Agropur Cooperative bought family-owned Davisco in late July, just as we were wrapping up the research for our list of the largest dairy companies. Earlier in the month, the Canadian-based dairy co-op purchased four milk and ice cream plants from Sobeys of Canada. That Agropur was on the prowl for acquisitions should have come as no surprise.

As I reported in April, Eric Brunelle, the president of Agropur’s St. Paul, Minn.-based Natrel division told me the cooperative’s goal is to be in the top 10 of the world’s most important dairies. Agropur ranks No. 8 among North American dairy processors in this year’s Dairy 100. The co-op reported 2013 revenues of $3.9 billion. Add to that No. 35 Davisco’s $990 million, and Agropur would jump to the No. 4 spot.

Combining the revenues of the two companies still puts Agropur at about half the size of its Canadian rival, the publicly owned Saputo Inc., which is No. 2 on our list. Agropur has a long way to go to break into the top 10 in the world. China’s Yili is No. 10 with sales of $7.6 billion on Rabobank’s list of the world’s largest dairies (see page 20). Of course, size does not necessarily mean “importance,” which is what Agropur is aiming for.

It would not surprise me to see more purchase activity from either Saputo or Agropur. In order to grow, these dairy processors from Canada have to look outside their borders because their country offers a relatively small market (about 10% the size of the United States).

Lessons to be learned

Turning from my crystal ball to the printed word, I thumbed through the annual report of Dean Foods Co. Because it is the largest dairy processor based in the United States, it is useful to look more closely at this company and the direction it is taking.

Dean Foods is diversified. It manufactures and markets milk (73% of sales of $9 billion), ice cream (9%), cultured dairy products (4%), creamers (6%), juices and teas (5%) and other products. Customers include retailers (accounting for 64% of sales), foodservice outlets (14%), schools and governmental entities (7%), convenience stores (6%) and distributors (5%). Dean’s brands are 48% of sales; private label is 52%.

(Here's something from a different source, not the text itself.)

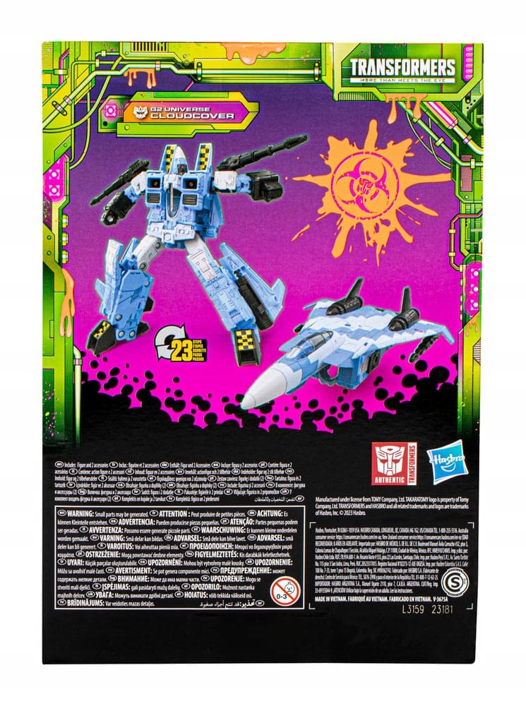 Чудова фігурка Cloudcover (G2 Universe) від Hasbro з лінії Transformers Generations (Legacy Evolution Voyager Class). Ця фігурка-трансформер має приблизно 18 см заввишки та має функцію реактивного перетворення (у 23 кроки). У набір входять змінні аксесуари для персонажів. Це оригінальний продукт, виготовлений за повною ліцензією бренду.
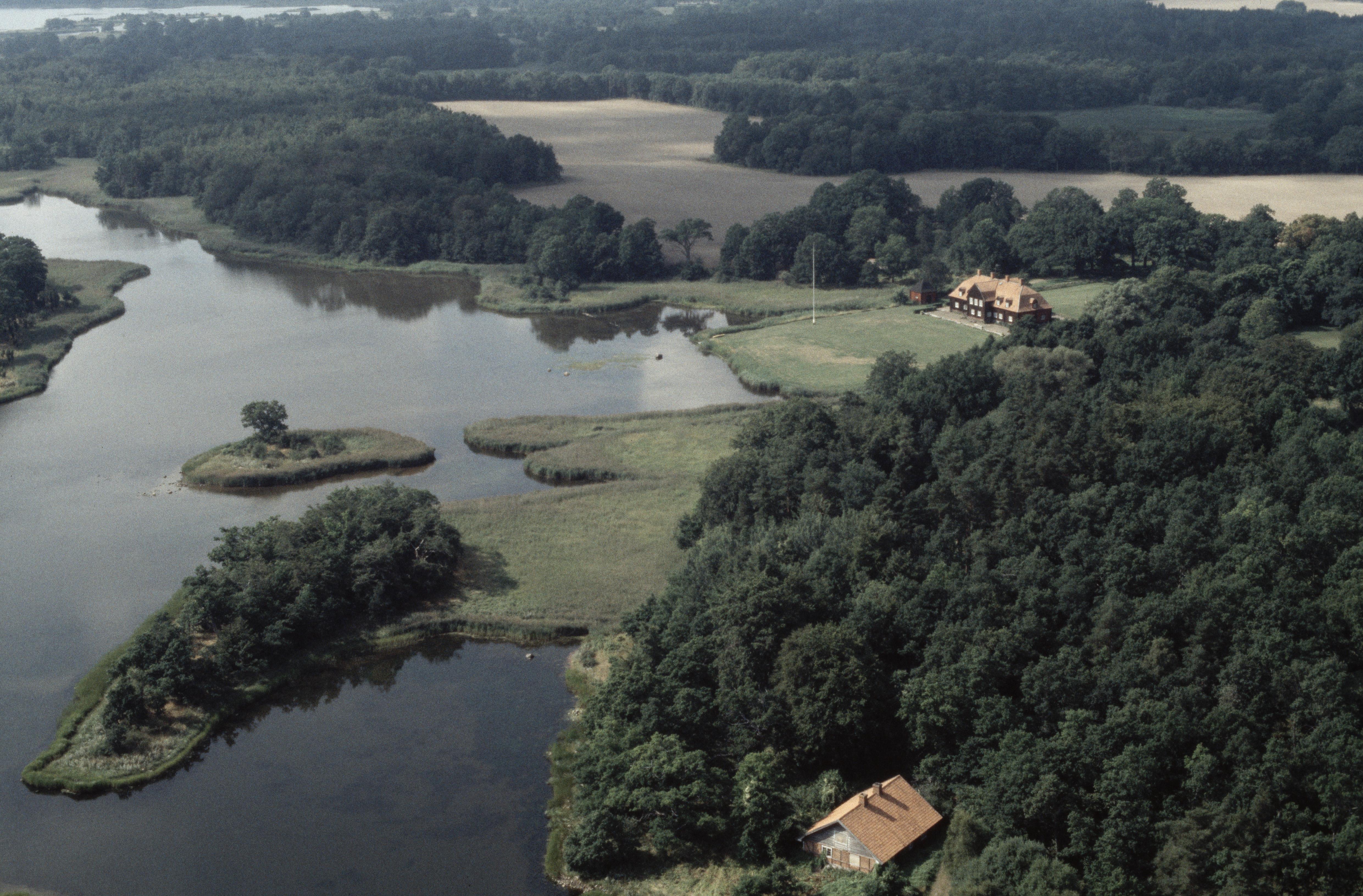 Beskrivning: Uppe till höger mangårdsbyggnaden Näset (sydost om vid Värnanäs herrgård) vid Halltorpsåns utlopp i Värnanäs skärgård, Kalmarsund. Bilden är tagen mot (väderstreck): SV

Declining milk consumption in the United States affects all milk processors. Dean Food has taken a beating on earnings over the last several years. So to cut costs and overhead, it spun off businesses (Morningstar and WhiteWave) and closed plants. Dean Foods expects to close up to a dozen more dairy plants this year as part of its continuing efforts to cut costs. Safety improvements resulted in lower insurance rates and related claim costs. Cost-cutting hurts but it has resulted in improved financial performance. From a net loss of $1.5 billion in 2011, Dean Foods posted net profits of $158 million in 2012 and $813 million in 2013.

The dairy processor created a sales winner with its TruMoo chocolate milk, a national brand that has wider distribution than all of Deans’ regional white milk brands combined. The dairy processor says it sells 100 million units of TruMoo at retail annually, and 1.6 million units are served every day in schools. Dean Foods is investing in this product and developing line extensions. TruMoo is sold in seasonal flavors, and a higher-protein formula is available regionally. The company has rolled out nationally a shelf-stable TruMoo SKU.

In its 2013 annual report, the company writes: “In 2014, we will continue to emphasize price realization, volume performance, cost productivity and efficiency, and sound decision-making that is based on timely, reliable and actionable information in an effort to improve gross margin per gallon and drive operating income growth. Organizational changes have been made to reduce our total cost to serve and our selling and general and administrative costs, and we remain committed to sustaining strong positive cash flow and generating shareholder value.”

I bet any other CEO of a publicly held company and owners of privately held businesses are following similar strategies. You don’t have to run a top 100 firm to see the wisdom in being productive, efficient and mindful of financial resources.

In summary, this is what has worked for Dean:

  • Be diversified in the products you manufacture
  • Be diversified in your customer mix
  • Offer co-packing services to keep your production lines running
  • Sell or shed businesses that don’t fit your mission
  • Develop new products and create line extensions from them
  • Back the winning products and eliminate those that don’t sell
  • Follow eco-friendly practices  in processing and transportation to drop dollars to the bottom line

 These are not business “secrets.” I see these items in my visits to dairy processing businesses across the country and hear them in conversations with the owners. These are common-sense business practices. But you need common sense to practice them, whether you are a Dairy 100 company or a start-up.